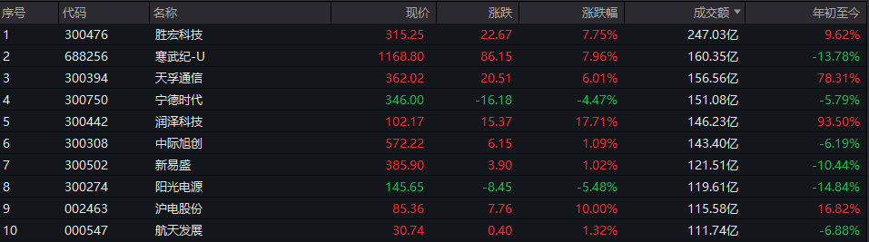 个股方面,胜宏科技成交额超247亿元居首,寒武纪-U、天孚通信、宁德时代成交额靠前。
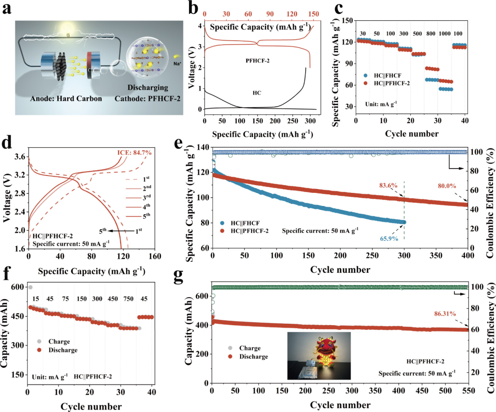 图7.全电池和软包电池的电化学性能。(a)HC||PFHCF-2全电池放电过程示意图。(b)PFHCF-2和HC的初始恒电流充电/放电曲线。(c)电流密度从30mAg–1到1000mAg–1范围内时HC||FHCF和HC||PFHCF-2全电池的倍率性能比较。(d)HC||PFHCF-2全电池在前五次循环中的充电和放电曲线。(e)HC||FHCF和HC||PFHCF-2全电池在50mAg–1下的循环稳定性,电压窗口为1.6–3.6V。(f)HC||PFHCF-2软包电池的倍率和(g)循环性能
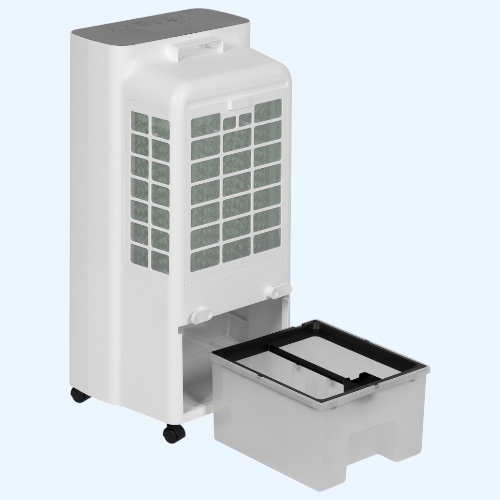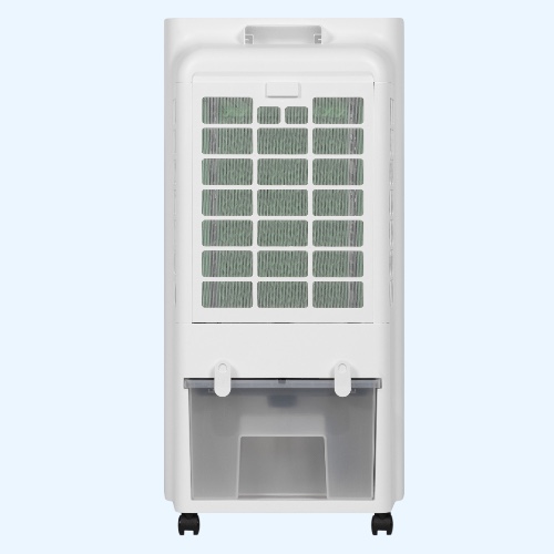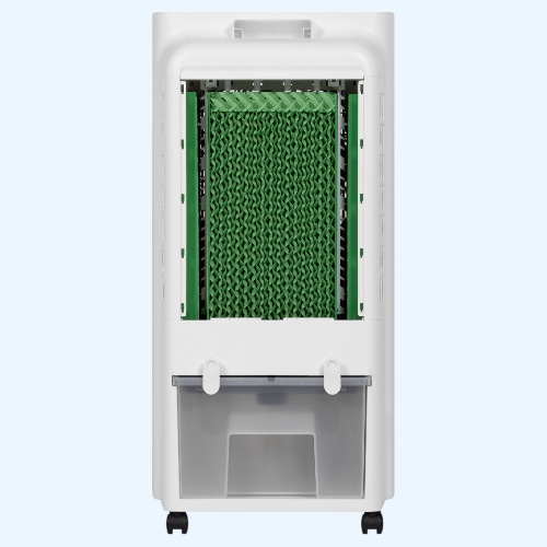 - Прибор работает без фреона по принципу испарительного охлаждения – вода из бака с помощью помпы распыляется на целлюлозный ячеистый фильтр
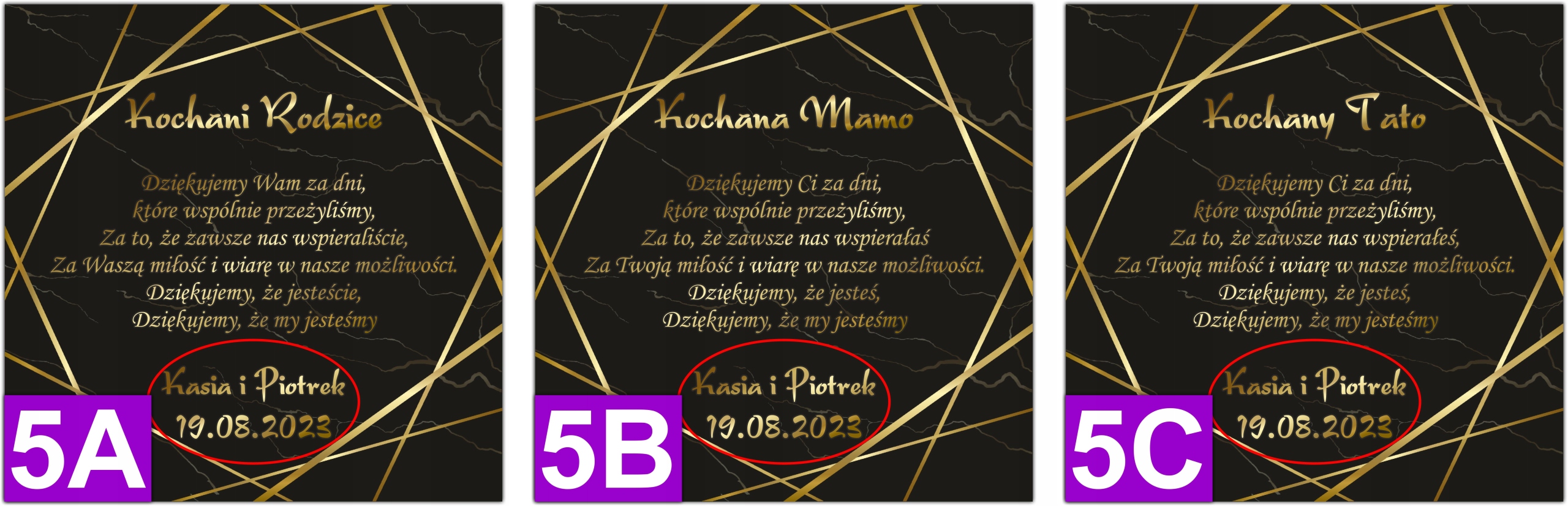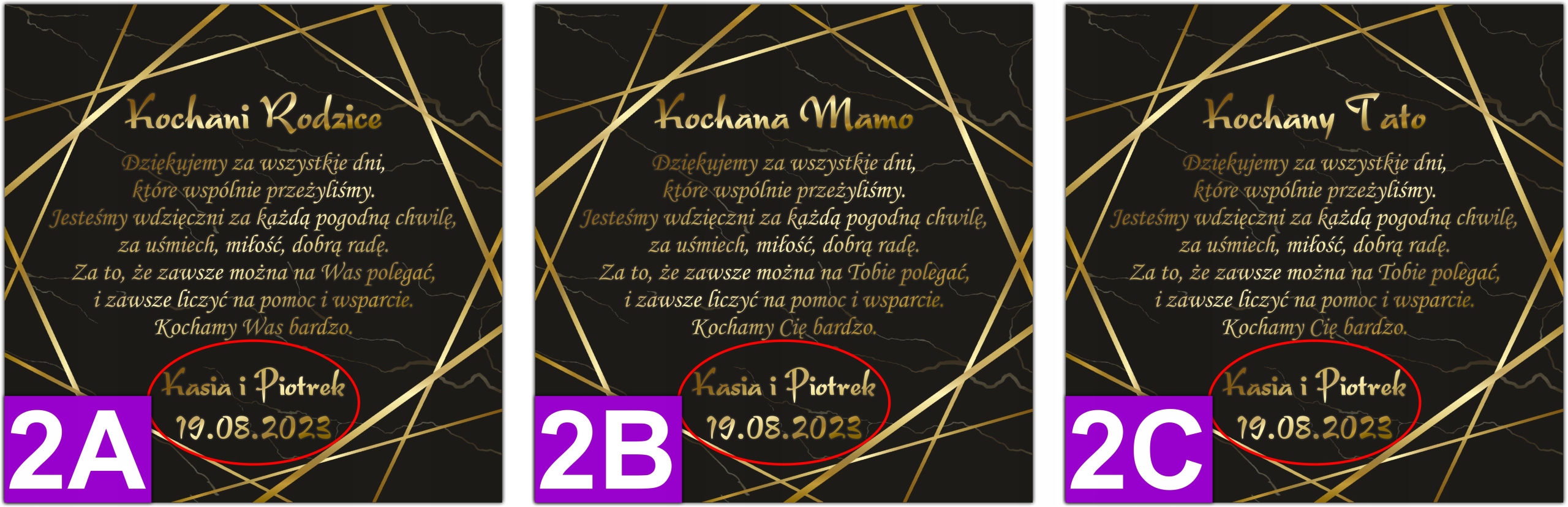 - на выбор 9 вариантов адресата пожеланий в шапке: Дорогие родители, Дорогая мама, Дорогой папа, Дорогие бабушка и дедушка, Дорогая бабушка, Дорогой дедушка, Дорогие крестные родители, Дорогая крестная мама, Дорогой крестный отец
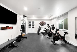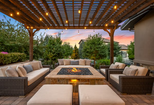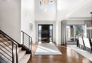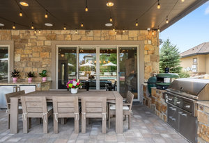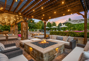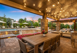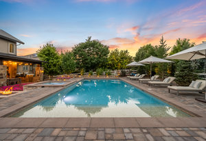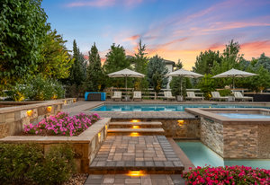 Step into this luxurious custom home with resort-style amenities and thoughtful upgrades throughout. The main floor features a living room with surround sound, custom built-ins, and fire ribbon fireplace, plus automatic shades on large sliding doors to the patio. The Chef’s kitchen offers Thermador appliances, 6-burner gas range with griddle, double ovens, microwave, dishwasher, walk-in pantry, and butler’s pantry with wine cooler, complemented by a kitchen nook and formal dining. Main level also includes a private office, mudroom with custom built-ins, laundry with utility sink, powder room, and guest suite with en-suite bath and French doors. Upstairs, the primary suite provides dual vanities, walk-in California Closets, automatic shades, and a spa-like en-suite bath. Additional bedrooms include two that share a Jack-and-Jill bath and one with its own en-suite, all featuring walk-in closets and custom drapery, plus flexible office spaces. The finished basement (Jan 2020) includes a climate-controlled and humidified wine vault, bar with ice maker and beverage refrigerators, living/game areas, exercise room or bedroom, bathroom, and Kentucky barn wood accents. Engineered hardwoods, gym flooring, and surround sound complete the space. Outdoor living impresses with professional landscaping, pergola, fire pit and fire ribbon, saline pool and spa with three waterfalls, custom pool covers (2), outdoor kitchen with Lynx grill, Big Green Egg, dual beverage refrigerators, TV, speakers, Restoration Hardware umbrella, seating for 32, and K9 turf area. Recent upgrades: new driveway (2025), upgraded carpet (2024), and custom window treatments/automated shades throughout. Additional features: fire suppression throughout home, Savant AV, outdoor Lutron lighting, upgraded Restoration Hardware lighting, smart front door, Nest thermostats, indoor/outdoor cameras with ADT, UV air purification, whole-home humidifiers, and epoxy garage flooring with cabinetry.

----------------------------------------

Copy out the whole listing exactly, and don't carry over any pictures.

## EXPECTED OUTPUT
 个股方面,胜宏科技成交额超247亿元居首,寒武纪-U、天孚通信、宁德时代成交额靠前。
 图7.全电池和软包电池的电化学性能。(a)HC||PFHCF-2全电池放电过程示意图。(b)PFHCF-2和HC的初始恒电流充电/放电曲线。(c)电流密度从30mAg–1到1000mAg–1范围内时HC||FHCF和HC||PFHCF-2全电池的倍率性能比较。(d)HC||PFHCF-2全电池在前五次循环中的充电和放电曲线。(e)HC||FHCF和HC||PFHCF-2全电池在50mAg–1下的循环稳定性,电压窗口为1.6–3.6V。(f)HC||PFHCF-2软包电池的倍率和(g)循环性能
 - Прибор работает без фреона по принципу испарительного охлаждения – вода из бака с помощью помпы распыляется на целлюлозный ячеистый фильтр
 - на выбор 9 вариантов адресата пожеланий в шапке: Дорогие родители, Дорогая мама, Дорогой папа, Дорогие бабушка и дедушка, Дорогая бабушка, Дорогой дедушка, Дорогие крестные родители, Дорогая крестная мама, Дорогой крестный отец
 Step into this luxurious custom home with resort-style amenities and thoughtful upgrades throughout. The main floor features a living room with surround sound, custom built-ins, and fire ribbon fireplace, plus automatic shades on large sliding doors to the patio. The Chef’s kitchen offers Thermador appliances, 6-burner gas range with griddle, double ovens, microwave, dishwasher, walk-in pantry, and butler’s pantry with wine cooler, complemented by a kitchen nook and formal dining. Main level also includes a private office, mudroom with custom built-ins, laundry with utility sink, powder room, and guest suite with en-suite bath and French doors. Upstairs, the primary suite provides dual vanities, walk-in California Closets, automatic shades, and a spa-like en-suite bath. Additional bedrooms include two that share a Jack-and-Jill bath and one with its own en-suite, all featuring walk-in closets and custom drapery, plus flexible office spaces. The finished basement (Jan 2020) includes a climate-controlled and humidified wine vault, bar with ice maker and beverage refrigerators, living/game areas, exercise room or bedroom, bathroom, and Kentucky barn wood accents. Engineered hardwoods, gym flooring, and surround sound complete the space. Outdoor living impresses with professional landscaping, pergola, fire pit and fire ribbon, saline pool and spa with three waterfalls, custom pool covers (2), outdoor kitchen with Lynx grill, Big Green Egg, dual beverage refrigerators, TV, speakers, Restoration Hardware umbrella, seating for 32, and K9 turf area. Recent upgrades: new driveway (2025), upgraded carpet (2024), and custom window treatments/automated shades throughout. Additional features: fire suppression throughout home, Savant AV, outdoor Lutron lighting, upgraded Restoration Hardware lighting, smart front door, Nest thermostats, indoor/outdoor cameras with ADT, UV air purification, whole-home humidifiers, and epoxy garage flooring with cabinetry.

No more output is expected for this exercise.